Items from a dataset
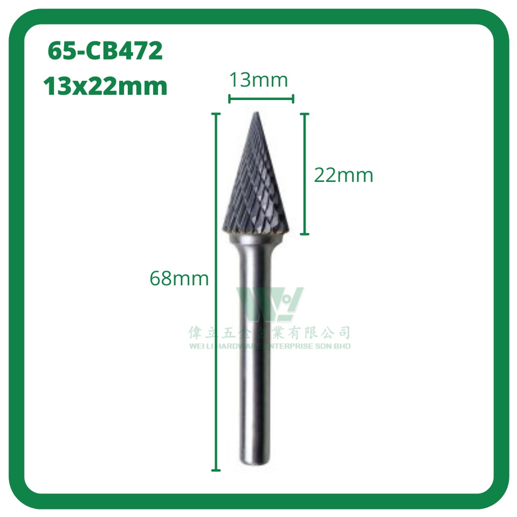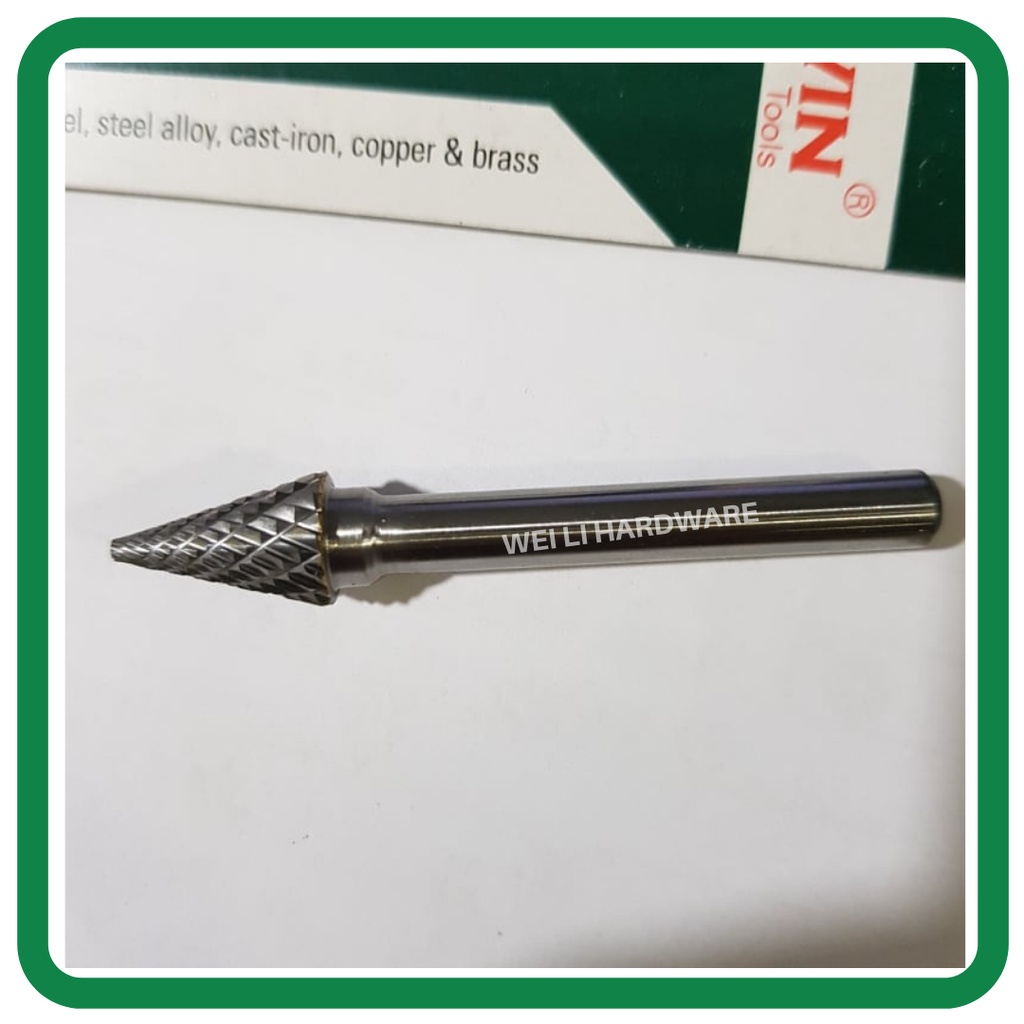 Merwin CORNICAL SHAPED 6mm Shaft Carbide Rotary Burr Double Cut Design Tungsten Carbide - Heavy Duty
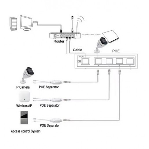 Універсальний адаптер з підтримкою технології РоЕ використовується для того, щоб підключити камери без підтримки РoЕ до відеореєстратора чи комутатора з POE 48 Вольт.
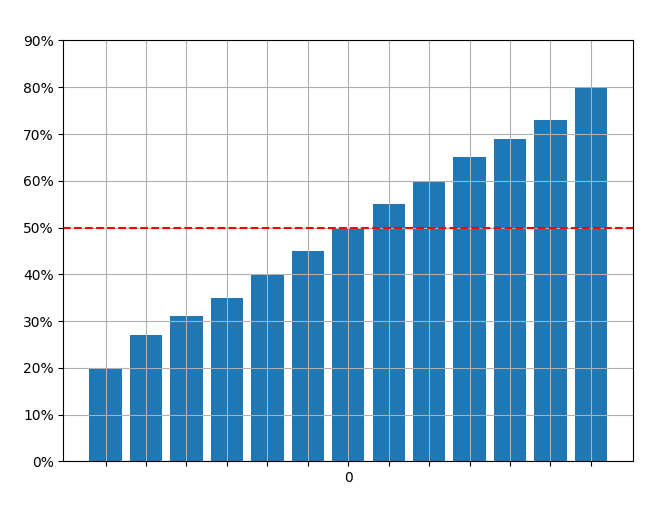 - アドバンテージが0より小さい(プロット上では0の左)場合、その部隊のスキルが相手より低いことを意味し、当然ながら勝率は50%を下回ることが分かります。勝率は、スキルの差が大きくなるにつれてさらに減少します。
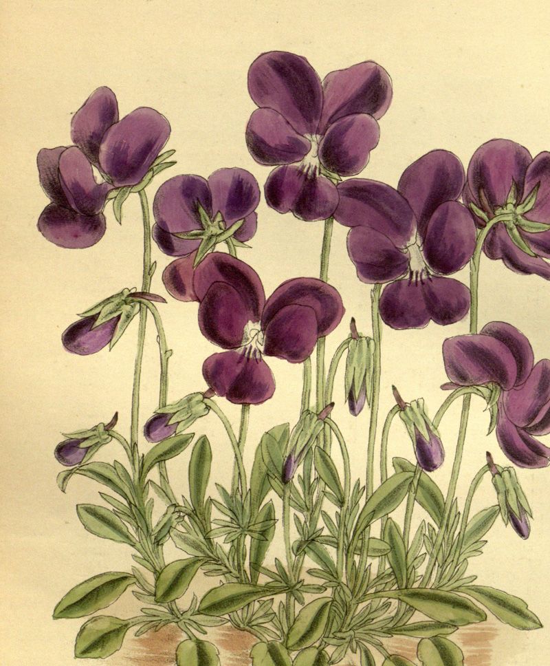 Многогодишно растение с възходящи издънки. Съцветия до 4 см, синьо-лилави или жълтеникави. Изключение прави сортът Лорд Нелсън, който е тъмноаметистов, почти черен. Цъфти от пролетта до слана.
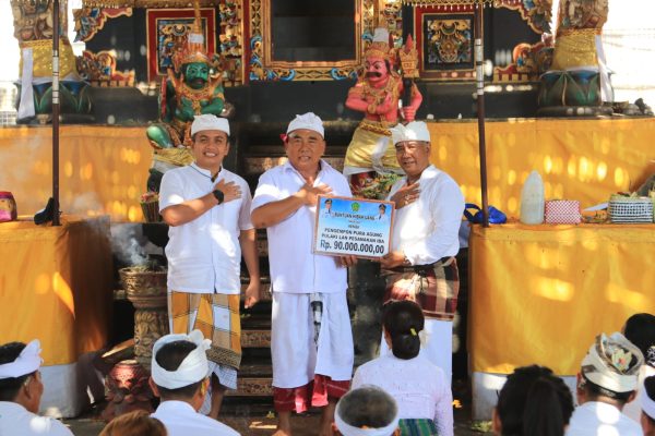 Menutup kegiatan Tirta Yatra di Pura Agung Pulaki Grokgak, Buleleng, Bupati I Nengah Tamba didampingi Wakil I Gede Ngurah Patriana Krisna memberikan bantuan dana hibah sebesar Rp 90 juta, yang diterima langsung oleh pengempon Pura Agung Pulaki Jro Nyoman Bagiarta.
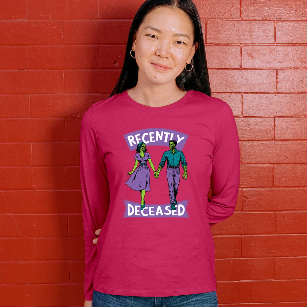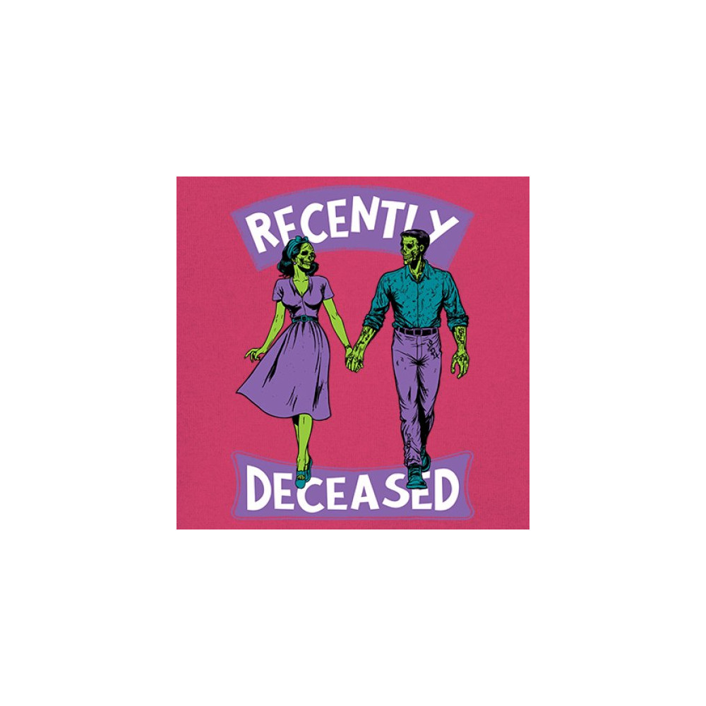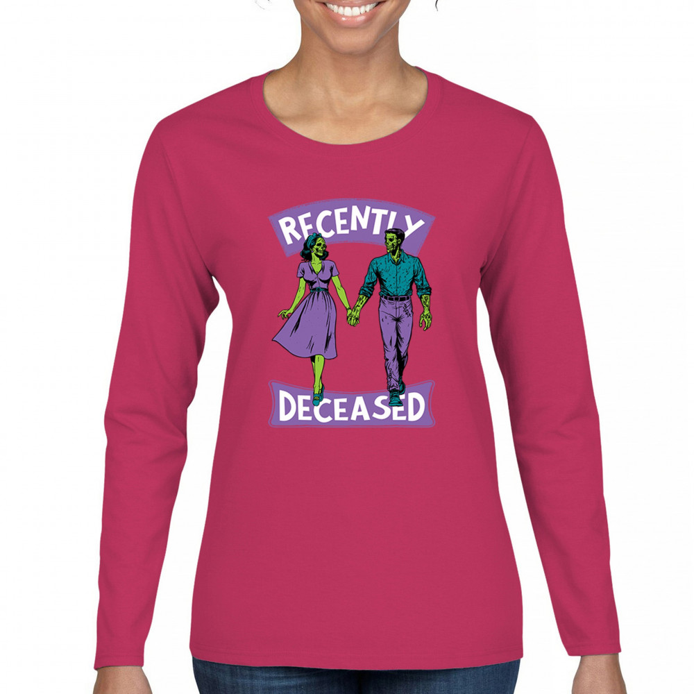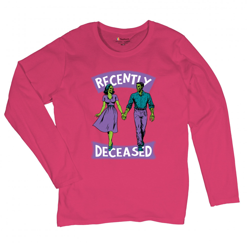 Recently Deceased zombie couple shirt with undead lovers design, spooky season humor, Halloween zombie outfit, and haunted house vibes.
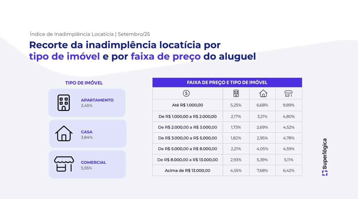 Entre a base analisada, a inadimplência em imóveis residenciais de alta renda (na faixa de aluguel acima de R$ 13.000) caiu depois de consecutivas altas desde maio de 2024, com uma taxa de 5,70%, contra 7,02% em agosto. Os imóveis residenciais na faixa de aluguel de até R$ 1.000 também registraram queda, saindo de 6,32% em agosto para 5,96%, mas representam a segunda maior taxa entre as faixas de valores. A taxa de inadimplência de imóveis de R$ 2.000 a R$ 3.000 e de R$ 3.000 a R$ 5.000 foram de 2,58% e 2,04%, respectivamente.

**What you need to do:** Quote the lines above exactly, starting with the one that has "Універсальний адаптер з" and ending with the one that has "Recently Deceased zombie"; drop the pictures and include nothing else.

**Response to this exercise:**
 Універсальний адаптер з підтримкою технології РоЕ використовується для того, щоб підключити камери без підтримки РoЕ до відеореєстратора чи комутатора з POE 48 Вольт.
 - アドバンテージが0より小さい(プロット上では0の左)場合、その部隊のスキルが相手より低いことを意味し、当然ながら勝率は50%を下回ることが分かります。勝率は、スキルの差が大きくなるにつれてさらに減少します。
 Многогодишно растение с възходящи издънки. Съцветия до 4 см, синьо-лилави или жълтеникави. Изключение прави сортът Лорд Нелсън, който е тъмноаметистов, почти черен. Цъфти от пролетта до слана.
 Menutup kegiatan Tirta Yatra di Pura Agung Pulaki Grokgak, Buleleng, Bupati I Nengah Tamba didampingi Wakil I Gede Ngurah Patriana Krisna memberikan bantuan dana hibah sebesar Rp 90 juta, yang diterima langsung oleh pengempon Pura Agung Pulaki Jro Nyoman Bagiarta.
 Recently Deceased zombie couple shirt with undead lovers design, spooky season humor, Halloween zombie outfit, and haunted house vibes.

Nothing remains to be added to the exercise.